For their part, the developer, in a statement issued through Rooney’s Auctioneers last week, highlighted the fact the scheme will lead to the clean-up of a derelict eyesore close to Thomond Park, the fact student halls will free up rental space currently used by those attending the Limerick Institute of Technology, and the jobs spin-off which will be provided.

However, Sinn Fein councillor Sharon Benson claimed unlike in Castletroy, students living in residential houses are “few and far between”.

“Building a block of student accommodation is not going to free up as many houses for families as they think,” she said.​

She also pointed to the fact that current student accommodation north of the Shannon is not being filled by its intended residents.
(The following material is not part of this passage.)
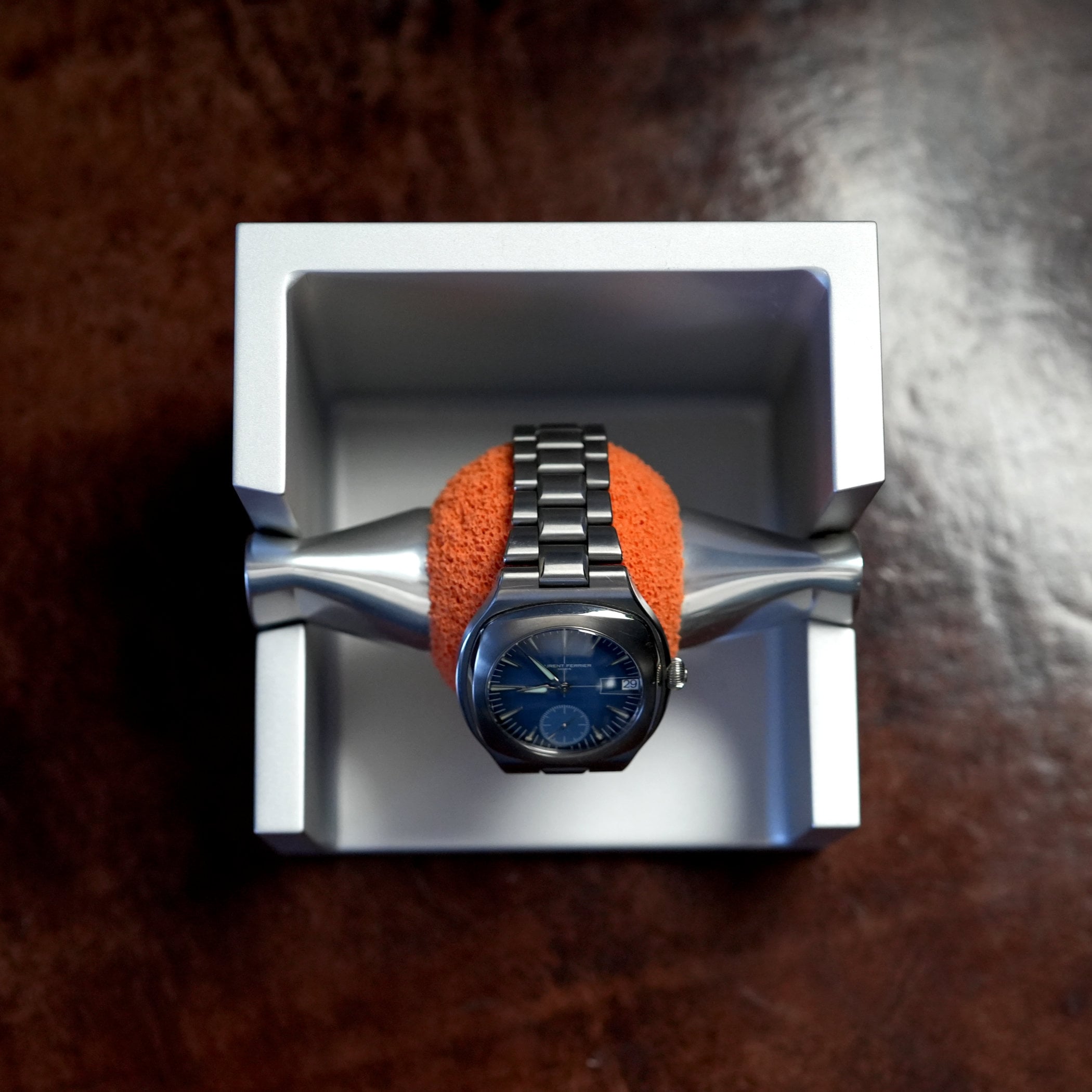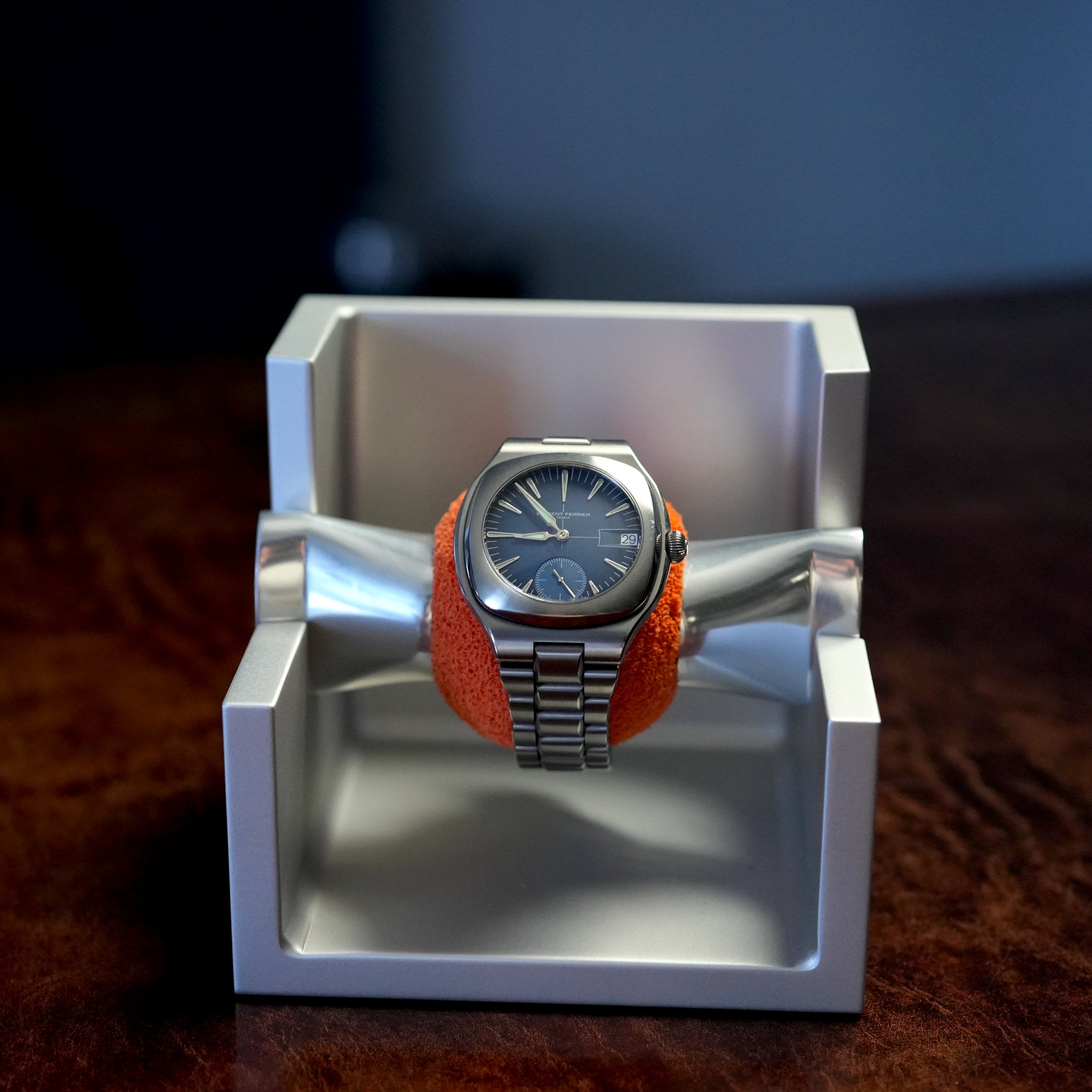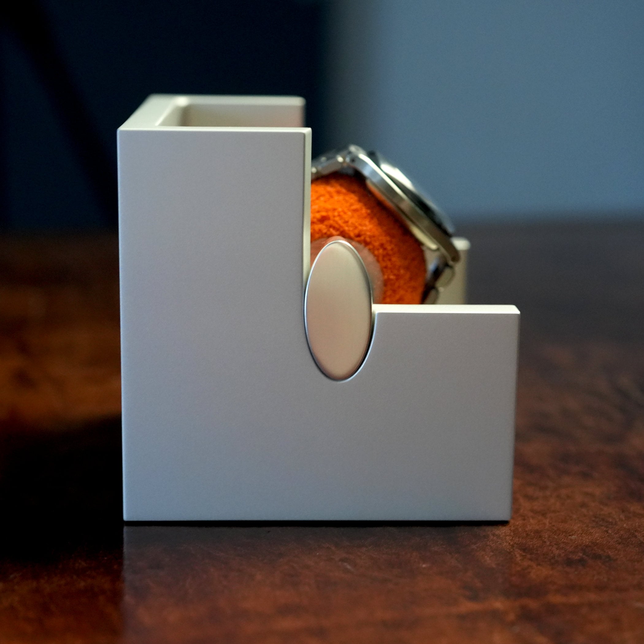 The monolithic structure is designed to keep your watch safe and composed, propping it upright for all to see. The simple lines keep your watch in focus, and the added benefit is that you can still read the time at a glance if needed. You don’t have to awkwardly tilt your head to see you’re running late for your next meeting! The branding is kept to a minimum, so as not to distract from the object itself or the watch that’s taking a breather.

The Limerick Leader revealed in March many homeless families were being put up in student halls in the Old Cork Road.

Cllr Benson added: “It’s an important site, right across from Thomond Park which attracts visitors to the city. You can’t just put something in there which is six-storeys, out of keeping with the whole area.”

Labour councillor Conor Sheehan urged “a degree of caution”.

“If you try and put something in an area like this without consulting and engaging with people living there, immediately it gets their backs up. Anything that can free up the private rental market is good, but I would stress there needs to be proper consultation. I think the company putting in this student plan really needs to attend a public forum where they can hear from people who live in he area and directly address their concerns,” he said.

Mr McNamara said the plan will bring about “obvious traffic issues”, pointing out Gaelscoil Sairseal on Shelbourne Road.

”We want to see some sort of development there. But not at the scale of what they’re talking about at the moment. We’d like something which would be consistent with the other sizes, if you know what I’m saying,” he added.